Encumbering New Technology

Making the perfect be the enemy of the good

One of the exciting parts of the “new world” of cloud is the ability to green field solutions. We don’t have the legacy requirements and so we’re free to do what we want.

Or so the evangelists would have you believe.

The past lingers on

The reality is that many people are closer to a brown field environment. The organisation their team is embedded into has a tonne of reporting (“is your machine patched?”, “who has access?”). These requirements came from years of systems mismanagement (the best appdev team in the world isn’t necessarily the best at running servers) and auditor questions. To provide adequate reporting a series of centralised reporting tools have been created to help prove to auditors that the environment is controlled; “we have 30,000 servers; 357 of them are running Struts; 3 of them are unpatched and have change records for next week” is a great story to be able to tell, but it requires a level of conformity to get there.

And now you come along with your dynamically scaling app running inside an environment that builds/destroys servers at will. You can’t even answer the question “what servers are your apps running on?” because the question is meaningless in your world; it changes from day to day, even hour to hour.

So new builds may start being encumbered with requirements that trickle down from the traditional compute environment. Of course the CMDB needs to be kept up to date; of course you need privileged access monitoring; of course you need configuration management tools; of course…

We need to prevent this encumbrance from crippling the benefits of the new world.

In some cases we might be able to kludge a solution. “If we give you a nightly update into CMDB of all our AWS EC2 instances, will you be happy?“. Beware, though; once a machine is listed in CMDB then it’ll be expected to have all the other corporate tools (monitoring, access management, backups…) installed. Be aware of the consequences of the kludge, and try to avoid it.

The harder, but ultimately (IMHO) better path is to go back to square one and design new controls and procedures that are better optimised for this design.

The corporate policies and standards are meant to be the distilled guidance of everything that’s needed, based on legal reading of regulations, from history of audit questions and issues, from experience. These become your go-to documents. You may also want to go to the source, because regulations can change without your standards. So read the PCI docs, read MAS, read HIPAA…

And then design solutions based around the requirements, not around the existing practices.

This is hard work on a political level and requires a fair amount of senior buy-in. It requires vision and leadership because the organisation is now taking a fair risk; will you build a good solution that will pass audit? Will you expose the company to data theft? Will the solution scale to multiple appdev teams (you’re not a unique snowflake; other teams want to do this as well).

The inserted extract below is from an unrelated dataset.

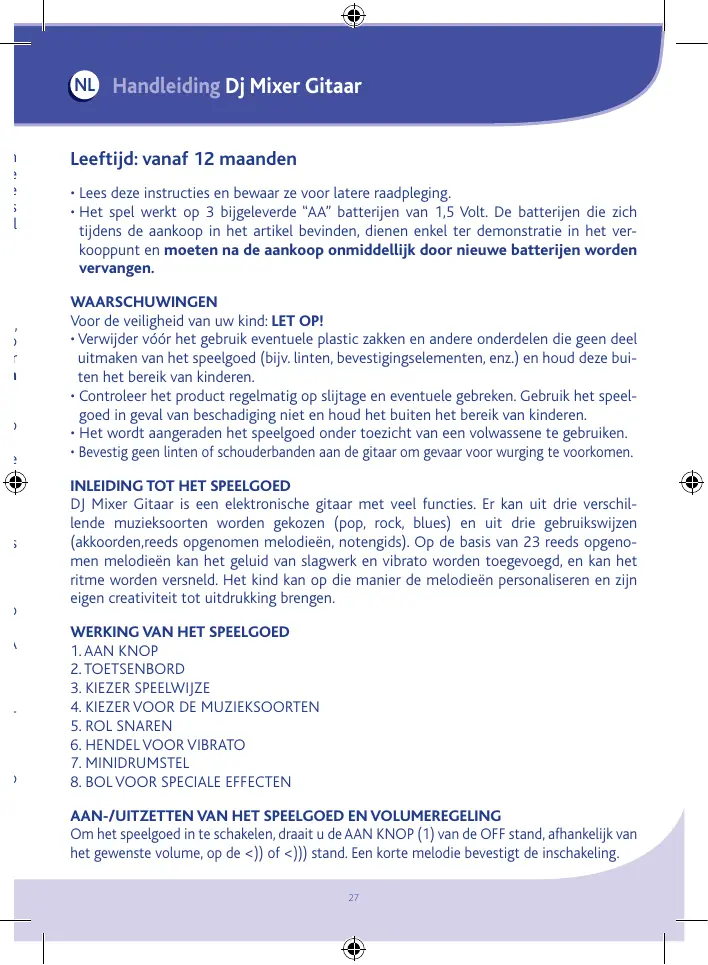 • Se aconseja utilizar el juguete bajo la supervisión de un adulto. • No fijar lazos ni cintas a la guitarra para evitar riesgos de estrangulamiento. INTRODUCCIÓN AL JUGUETE Dj Mixer Guitarra es una guitarra eléctrica con muchas funciones. Se pueden seleccionar tres géneros musicales diferentes (Pop, Rock, Blues) y elegir entre tres modalidades de uso (acordes, melodías grabadas, notas-guía). Sobre la base de las 23 melodías grabadas además, se puede añadir el sonido de las percusiones y de la vibración, y acelerar el ritmo de la música. De esta forma el niño puede personalizar las melodías y expresar su propia creatividad. FUNCIONAMIENTO DEL JUGUETE 1. SELECTOR DE ENCENDIDO 2. TECLADO 3. SELECTOR DE LA MODALIDAD DE JUEGO 4. SELECTOR DEL GÉNERO MUSICAL 5. RODILLO CUERDAS 6. PALANCA PARA LA VIBRACIÓN 7. MINI BATERÍA Se puede seleccionar una de las tres modalidades diferentes de juego girando el SELECTOR MODALIDAD DE JUEGO (3) y colocándolo sobre uno de los siguientes símbolos. Una breve melodía confirma la selección. • Modalidad acordes: apretando los cinco botones del teclado (2) se escuchan cinco acordes diferentes. • Modalidad melodías grabadas: apretando los cinco botones del teclado (2) se escuchan 15 melodías diferentes de tres estilos musicales (que se pueden seleccionar siguiendo las instrucciones del capítulo “Géneros musicales”). Durante la reproducción de las melodías también se pueden añadir voces de animales apretando de nuevo uno de los cinco botones de colores (2) según el animal deseado. • Modalidad notas guía: cuando se selecciona esta modalidad de juego, el teclado (2) se ilumina con un juego de luces que, pasados unos instantes, se detiene para señalar el botón de inicio de una de las melodías grabadas. Apretando uno a uno los botones que se iluminan en secuencia, el niño escuchará la pieza musical completa. Géneros musicales: En las modalidades “Melodías grabadas” y “Notas-guía” se puede seleccionar uno de los tres géneros musicales disponibles, girando el SELECTOR GÉNEROS MUSICALES (4) y colocándolo sobre uno de los siguientes símbolos. Una breve melodía confirmará la selección. Pop: apretando los botones del teclado (2) se escuchan cinco melodías pop. Rock: apretando los botones del teclado (2) se escuchan cinco melodías rock. Moviendo el “rodillo cuerdas” de la guitarra (5) hacia arriba y hacia abajo se activan tres sonidos diferentes. Si se activa la función cuerdas durante la reproducción de una melodía, la misma se interrumpe y es sustituida por el sonido de las cuerdas. ESTE PRODUCTO ES CONFORME A LA DIRECTIVA EU 2002/96/EC. El símbolo de la papelera borrada que se encuentra en el aparato indica que el producto, al final de su vida útil, deberá eliminarse separadamente de los desechos domésticos y por lo tanto deberá entregarse a un centro de recogida selectiva para aparatos eléctricos y electrónicos o al vendedor cuando compre un nuevo aparato similar. El usuario es responsable de entregar el aparato agotado a las estructuras apropiadas de recogida. La adecuada recogida selectiva para el envío sucesivo del aparato fuera de uso al reciclaje, al tratamiento y a la eliminación compatible con el ambiente, contribuye a evitar posibles efectos negativos en el ambiente y en la salud y favorece el reciclaje de los materiales de los que está compuesto el producto. Para informaciones más detalladas inherentes a los sistemas de recogida disponibles, diríjase al servicio local de eliminación de desechos, o a la tienda donde compró el aparato. CONFORMIDAD A LA DIRECTIVA EU 2006/66/EC El símbolo de la papelera tachada que se encuentra en las pilas o en la caja del producto indica que las pilas, al final de su vida útil, deberán eliminarse separadamente de los desechos domésticos y no tirarse a la basura, sino que deberán entregarse a un centro de recogida selectiva o al vendedor cuando compre pilas nuevas, recargables o no recargables, similares. Los símbolos químicos Hg, Cd, Pb, situados debajo de la papelera tachada indican el tipo de sustancia que contiene la pila: Hg = Mercurio, Cd = Cadmio, Pb = Plomo. El usuario es responsable de entregar las pilas agotadas a las estructuras apropiadas de recogida, para facilitar el tratamiento y el reciclado de las mismas. La adecuada recogida selectiva para el envío sucesivo de las pilas agotadas al reciclaje, al tratamiento y a la eliminación compatible con el ambiente, contribuye a evitar posibles efectos negativos 21 • En caso de que se utilicen baterías recargables, extraerlas del juguete antes de cargarlas y efectuar la recarga solo bajo la supervisión de un adulto. LIMPIEZA Y MANTENIMIENTO DEL JUGUETE • Limpiar el juguete utilizando un paño suave y seco para no dañar el circuito electrónico. • No sumergir el juguete en agua. • Proteger con cuidado el juguete del calor, polvo, arena y agua. • Le • H ti ko ve

If you have management that support you, and can demonstrate compliance to corporate and regulatory policies and standards then you may be greenfield enough and avoid too many encumbrances.

New encumbrances

Because this is new and because you’ve now designed new processes and procedures, the people reviewing your work will be looking for edge cases. How can this new thing go wrong? It’s a natural consequence of trying to protect the company, the data.

The problem is when a potential gap is found. Is this gap already present in the traditional compute space? Is it known? Has the company decided this is OK? If so, it may be a problem you don’t need to fix; acknowledge the gap and move on. Don’t encumber your work with things that aren’t necessary.

Imagine building a PaaS solution and being required to tell the application operate team everytime you are going to reboot a VM? Technically it’s possible… but it’s stupid, and negates some of the benefits of a PaaS.

We see this in various places, especially in new fields of automation; for example, self-driving cars. I’ve seen people ask “once we get to fully automated cars capable of taking voice commands from the driver, how do we make sure the driver has a license?“. This is a perfect example of “new technological requirement” based on an existing requirement (must have a license, must be insured) but isn’t currently enforceable. People get excited by “we’re building something new; we can add this feature”.

The idea may seem reasonable on the face of it, and it may be a solution that is technically feasible. But this is a case of scope creep and can drag down your project.

“Just because you can, doesn’t mean you should”.

Don’t encumber your new solution with requirements that go above and beyond the problem you’re trying to solve. Try to keep project scope under control.

Conclusion

Very few projects are really greenfield. There’s always some small amount of legacy that you need to keep up with. Much of that legacy is there for a good reason, and you can’t just ignore it with impunity. However you can replace it with better processes and procedures, with better solutions. Sometimes going back to the drawing board and understanding the rationale is important.

Don’t just say “we’re doing DevOps” and ignore everything that came before; that’ll get you into trouble. However “we’re doing DevOps with these controls, procedures, enforcements, auditing…“; now you’ve got a chance to build things without the encumberance of traditional procedures.